Need for alert response centres
Researchers also found that there is an urgent need for alert response services and, in particular, for alert response centres that can receive and systematise alerts and notifications.
In Oslo there are private sector companies such as Doro Care and Aleris/TelenorObjects that receive alerts and respond by sending staff out to homes when the alerts are triggered. In other municipalities there may be fire alarm services. Kristiansand municipality has been assigned the task of establishing a municipal-regional alert centre as part of a pilot project looking into how such centres should be organised.

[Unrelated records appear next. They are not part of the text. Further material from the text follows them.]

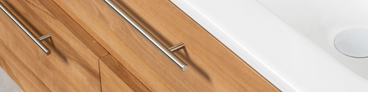 La collection Bagster apporte une touche chaleureuse et contemporaine à la salle de bain avec des meubles en teck associés à des finitions élégantes. Disponible en 80 cm et 120 cm, elle permet de composer un espace adapté aussi bien aux petites pièces qu’aux salles de bain plus généreuses.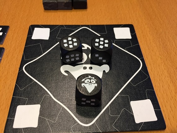 „Pechvogel“ ist schnell erklärt. Wir würfeln, entscheiden uns für ein Ergebnis und müssen dieses den restlichen Zug sammeln. Haben wir vier davon ist alles gut. Wir erhalten einen Punktechip und der nächste ist am Zug. Doch dann wären da noch die Raben, böse Mitspieler und das Übererfüllen eines Ziels. Das Spiel endet, wenn alle Punkteplättchen vergeben wurden. Nun gewinnt der Spieler, der nach Abzug der Minuspunkte durch Frustrate die meisten Siegpunkte aufweisen kann.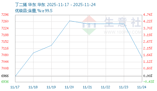 据生意社商品行情分析系统,本周期国内丁二烯市场震荡上行。2025年至11月17日至11月24日丁二烯自6966.67元/吨上调至7066.67元/吨,涨1.44%。本周期国内丁二烯市场先涨后跌整体上行,近期丁二烯市场走势偏强,供应面来看近期供应整体依旧偏宽松,随着价格走高后下游入市积极性明显减弱,加上合成橡胶市场近期走势偏弱,丁二烯市场走势转弱。

The next stage in the project will be to develop models describing how such centres should be equipped and how the individuals and organisations involved should interact.
Tomorrow’s alert response centres
Currently, most medical alert systems work only in homes and are connected to landline phones.
However, the analogue network will be shut down next year so there is a need for digital systems.
“Such systems will offer many opportunities to hook up different types of alert systems, including sensors that detect everything from falls to situations where people forget to turn off the cooker or close a window”, says Boysen.
“We see the future as a network of such sensors monitored by an alert response centre”, she says.
Boysen and the other researchers have drawn up a list of key features that such centres should offer. These include:
- Health professionals with suitable personal characteristics
- Access to updated information concerning all users’ individual situations, services and previous incidents (users’ records)
- Standardised procedures for call-outs and monitoring
The mantra is service individualisation
The transfer of effective information about users’ needs to those who receive and are called out in response to alerts is key to tomorrow’s medical alert systems.
“In a way, service individualisation is becoming the mantra”, says Boysen. “If such a system involving a variety of sensors is to work, it must be closely adapted to the individual. It’s no good having an alert go off for someone who habitually gets out bed in the middle of the night just to sit and watch TV”, she says.